KONTROLLÜ GİRİŞ ÇIKIŞ
Televizyon odası, spor salonu, ibadethane ve bir sınıf bulunan gemideki başka ortak alanlardan kimileri 4 ila 8 kişinin konaklamasını sağlayacak büyüklükte odalara dönüştürülmüş. Geniş bir yemekhanenin bulunduğu gemide menülerin ferdî gereksinimler ve dini ihtiyaçlara nazaran hazırlanacağı belirtiliyor. Resmi olarak tutuklu sayılmadıkları için sığınmacıların mavnaya giriş çıkış yapmaları mümkün olacak.
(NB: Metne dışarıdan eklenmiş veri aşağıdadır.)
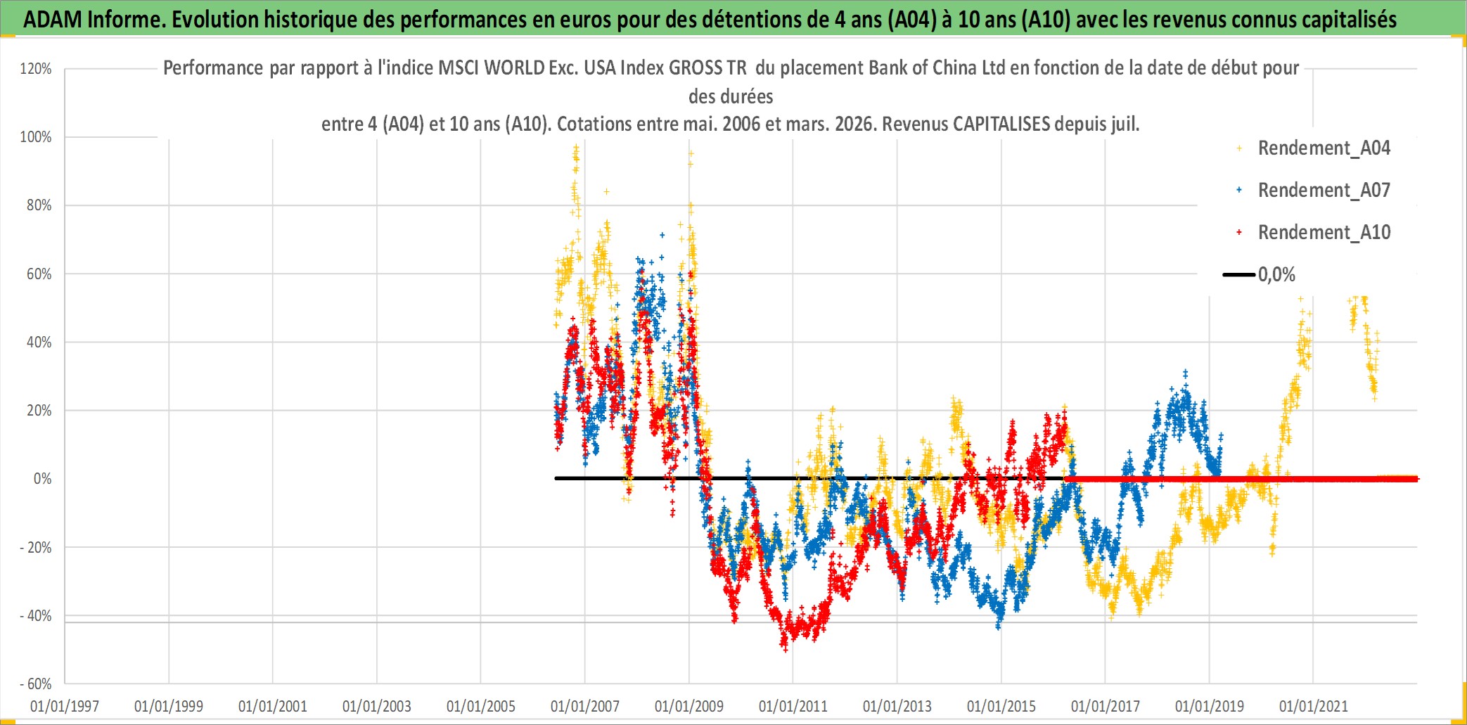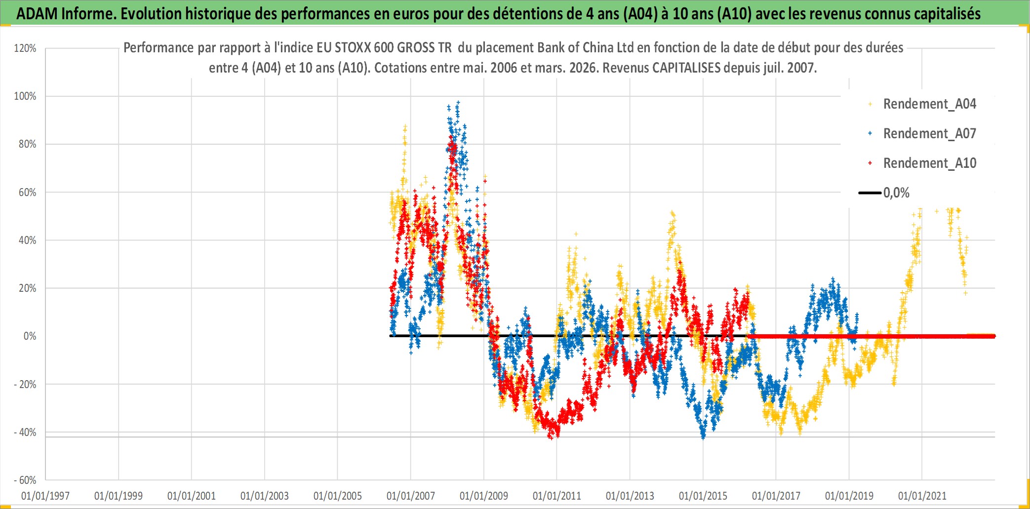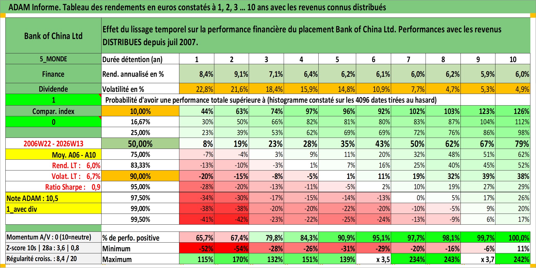 Site dédié aux investisseursPage dédiée sur site financeAnalyse des valorisations hebdomadaires de l'action Bank of China Ltd. Cet actif est cote en HKD. Les valorisations sont en contrevaleur EURO et couvrent les semaines 2006W22 a 2026W13. Les revenus de cet actif financier sont pris en compte depuis la semaine 2007W27. La note globale ESG de cet actif est estimee a 3.0 (apres rebasage entre 0 et 20).

Fakat mavnada daima bulunacak güvenlik vazifelileri, mavnanın demirlediği kısmın limanın geri kalanından demir kapılarla ayrılması, girişlerdeki X-ray aygıtları ve sığınmacıların kullanmak zorunda olduğu kimlik kartlarıyla tesis bir açık hava hapishanesi izlenimi veriyor.
MALİYET VE CAYDIRICILIK
Daha evvel de sığınmacıları Doğu Afrika ülkesi Ruanda’ya göndermek için bir plan yapan lakin bu teşebbüsü mahkeme pürüzüne takılan İngiltere hükümeti, göçmen sıkıntısındaki tartışmalı yaklaşımını maliyet ve caydırıcılıkla gerekçelendiriyor. Ülkeye ulaşan yasadışı sığınmacılar, müracaatları sonuçlanana kadar otellerde barındırılıyordu. Halihazırda otellerde 50 bin sığınmacının kaldığı, günlük maliyetin 6 milyon Sterlin olduğu belirtiliyor. Bu yükten aşikâr oranda kurtulmak isteyen İngiltere, önümüzdeki aylarda da eski askeri tesisler ve hapishanelere 3 bin sığınmacının daha yerleştirilmesini planlıyor. İngiliz yetkililer bu uygulamalarla ayrıyeten ülkeye gelen sığınmacıların “lüks olmayan barınma imkânlarıyla” karşılaşacakları iletisini vererek caydırıcılık sağlamayı umuyor. Hükümet geçen ay onaylanan yasadışı göç yasası kapsamında, bu tarihten itibaren ülkeye gelen sistemsiz göçmenleri 28 gün içinde hudut dışı etmeyi planlıyor.
YASADIŞI GÖÇMEN ÇALIŞTIRANA 3 MİSLİ CEZA
İngiltere hükümeti, yeni bir adım daha atarak yasa dışı sistemsiz göçmen çalıştıran patronlar ile göçmenlere mülklerini kiralayan mesken sahiplerine uyguladığı para cezalarını, 2024 yılbaşından itibaren üç kattan fazla arttırma kararı aldı. İçişleri Bakanlığı’ndan yapılan açıklamada 2024’te kaçak emekçi çalıştıran patron için 15 bin sterlin (514 bin TL) olan para cezasının 45 bin sterline (1 milyon 543 bin TL), tekrarlanan ihlallerin ise 20 binden 60 bin sterline çıkarıldığı kaydedildi. Konut sahipleri için para cezalarının birinci ihlalde 80 (2 bin 700 TL) sterlinden 1000 bin sterline (34 bin TL), kiracı için ise 5 bin sterlinden 10 bin sterline kadar artırılması kararı alındı.
BİLGİ NOTU
1976 yılında inşa edilen gemi, 1992’de barınma tesisine dönüştürülmüş ve 1994’ten itibaren Almanya, Hollanda, İskoçya ve İsveç üzere ülkeler tarafından mülteci barınağı da dahil olmak üzere çeşitli barınma hizmetleri için kullanılmış.